The fix, redone properly:
- Preserve first. Add the custodian with
applyHoldToSources = $trueimmediately, before any further scoping. (The lesson: never scope an at-risk custodian unheld.) - Tighten the estimate, do not commit blind. Iterate the search to a defensible scope using statistics, then commit with the right options:
# Add and HOLD the custodian in one shot - stop the bleeding
New-MgSecurityCaseEdiscoveryCaseCustodian -EdiscoveryCaseId $case.Id -BodyParameter @{
email = "former.eng@saas.example"
applyHoldToSources = $true
}
# Scoped, date-bounded estimate over all case custodians + the pricing site
$s = New-MgSecurityCaseEdiscoveryCaseSearch -EdiscoveryCaseId $case.Id -BodyParameter @{
displayName = "Falcon scoped v3"
contentQuery = '(Falcon OR "pricing model" OR repo-falcon) AND (sent>=2025-12-01 AND sent<=2026-06-02)'
dataSourceScopes = "allCaseCustodians"
}
- Commit with Cloud attachments, document versions, and partially indexed items checked, so the linked OneDrive files (and prior versions showing the edit trail) actually landed in the review set.
- Run analytics +
[AutoGen] For Review, which collapsed the scoped set from ~210,000 items to ~24,000 inclusive/representative items, then predictive coding to rank the remainder so reviewers hit the high-relevance pricing documents first.
The outcome: the two lost days of mailbox content were genuinely unrecoverable and had to be disclosed (the cost of the four-day delay).
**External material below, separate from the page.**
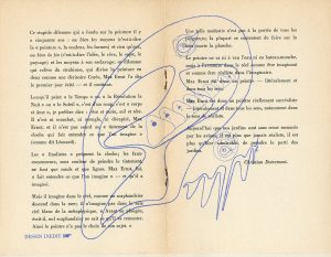 plaquette 8° de 12 p., agrafée, couverture illustrée d'après un monotype de Georges Collignon. Bien complet des 4 pages centrales imprimées sur papier vergé et intitulées "Max Ernst" (texte et poèmes de Dotremont, Alechinsky et Zangrie ornés d'un dessin inédit de Ernst). On joint 1 feuillet in-12 de "Le Tout Petit Cobra" et le texte de Joseph Noiret "Ode à la B.A." (1 feuillet 8°)./ Ens. 3 pièces.
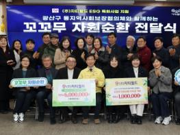광주 광산구는 민관 협력으로 추진한 지난해 ‘꼬리에 꼬리를 무는 자원순환 나눔 활동’으로 버려진 이불, 의류 등 15톤 이상이 재활용되고, 이 수익에 기부가 더해져 총 800만 원이 지역사회에 환원됐다고

But the cloud-attachment evidence — the actual pricing spreadsheets and their version history — was fully preserved and produced, and the review budget dropped by roughly an order of magnitude versus reviewing the raw collection. The two durable lessons that went into their runbook: hold the custodian the moment the case opens, and Cloud attachments is non-optional in any modern M365 collection — without it you are collecting envelopes, not letters.